Essentially, if one finds an interesting region of high-dimensional parameter
space, then it’s better to remember where that is, rather than forgetting it
exists as soon as one stumbles onto it. The manifold hypothesis conjectures
that interesting regions of space tend to be near other interesting regions
of space, so exploring neighbourhoods of interesting places tends to pay off.
Stateful Monte Carlo methods - namely, the family of Markov chain Monte Carlo
algorithms - handle exactly this, by using a Markov chain to wander over
parameter space. I’ve written on MCMC in the past -
you can check out some of those articles if you’re interested.
In the stateless rejection sampler we just performed conditional inference via
the following algorithm:
- Sample from a parameter model.
- Sample from a data model, using the sample from the parameter model as
input.
- If the sample from the data model matches the provided observations, return
the sample from the parameter model.
By repeating this many times we get a sample of arbitrary size from the
appropriate conditional, inverse, or posterior distribution (whatever you want
to call it).
In a stateful inference routine - here, the good old Metropolis-Hastings
algorithm - we’re instead going to do the following repeatedly:
- Sample from a parameter model, recording the way the program executed in
order to return the sample that it did.
- Compute the cost, in some sense, of generating the provided observations,
using the sample from the parameter model as input.
- Propose a new sample from the parameter model by perturbing the way the
program executed and recording the new sample the program outputs.

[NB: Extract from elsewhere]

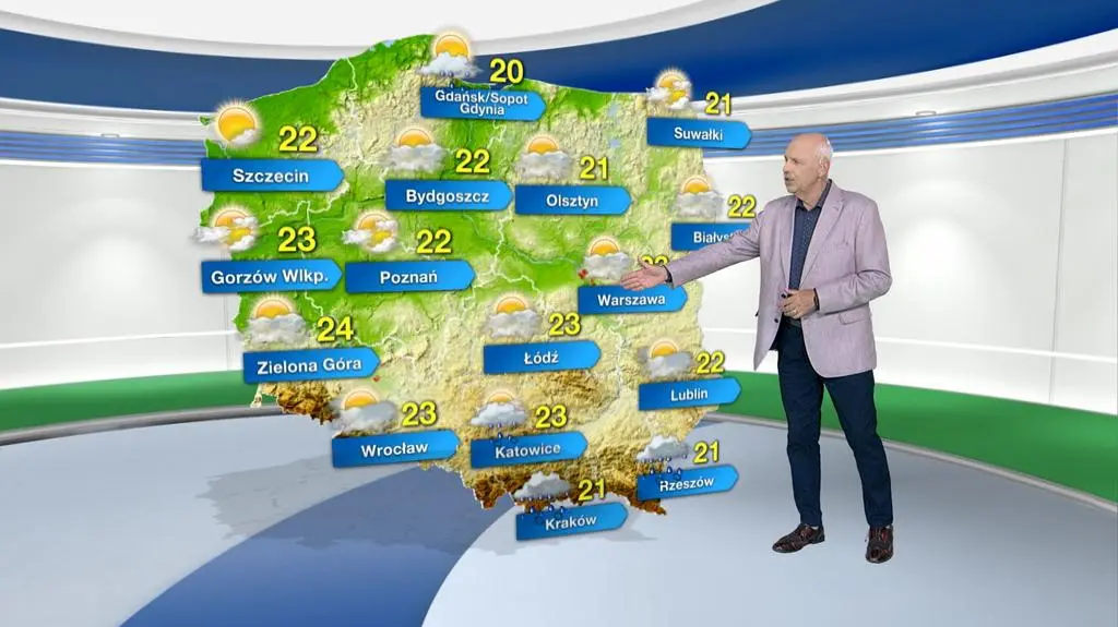 W czwartek na południu kraju prognozuje się stopniowy wzrost zachmurzenia. Pojawią się tam słabe lub umiarkowane opady deszczu o sumie 10-25 litrów na metr kwadratowy. Padać ma w pasie od Śląska, przez Małopolskę, po Podkarpacie, a w Tatrach, Beskidach i Bieszczadach lokalnie możliwe są także burze. W pozostałych regionach będzie na ogół pogodnie, z małym lub umiarkowanym zachmurzeniem i ze słabym przelotnym deszczem w rejonie Zatoki Gdańskiej. Termometry wskażą maksymalnie od 20 stopni Celsjusza w Gdańsku do 24 st. C w Zielonej Górze. Wiatr, słaby lub umiarkowany, powieje ze zmiennych kierunków. Porywisty może być tylko w czasie burzy na południu kraju.

- Compute the cost of generating the provided observations using this new
sample from the parameter model as input.
- Compare the costs of generating the provided observations under the
respective samples from the parameter models.
- With probability depending on the ratio of the costs, flip a coin. If you
see a head, then move to the new, proposed execution trace of the program.
Otherwise, stay at the old execution trace.
This procedure generates a Markov chain over the space of possible execution
traces of the program - essentially, plausible ways that the program could have
executed in order to generate the supplied observations.
Implementations of Church use variations of this method to do
inference, the most famous of which is a low-overhead transformational
compilation procedure described in a great and influential 2011 paper
by David Wingate et al.
Representing Running Programs
To perform inference on probabilistic programs according to the aforementioned
Metropolis-Hastings algorithm, we need to represent executing programs
somehow, in a form that enables us to examine and modify their internal state.
How can we do that? We’ll pluck another useful recursive structure from our
repertoire and consider the humble Cofree
:
data Cofree f a = a :< f (Cofree f a)
Recall that Cofree
allows one to annotate programs with arbitrary
information at each internal node. This is a great feature; if we can annotate
each internal node with important information about its state - its current
value, the current state of its generator, the ‘cost’ associated with it - then
we can walk through the program and examine it as required. So, it can capture
a ‘running’ program in exactly the way we need.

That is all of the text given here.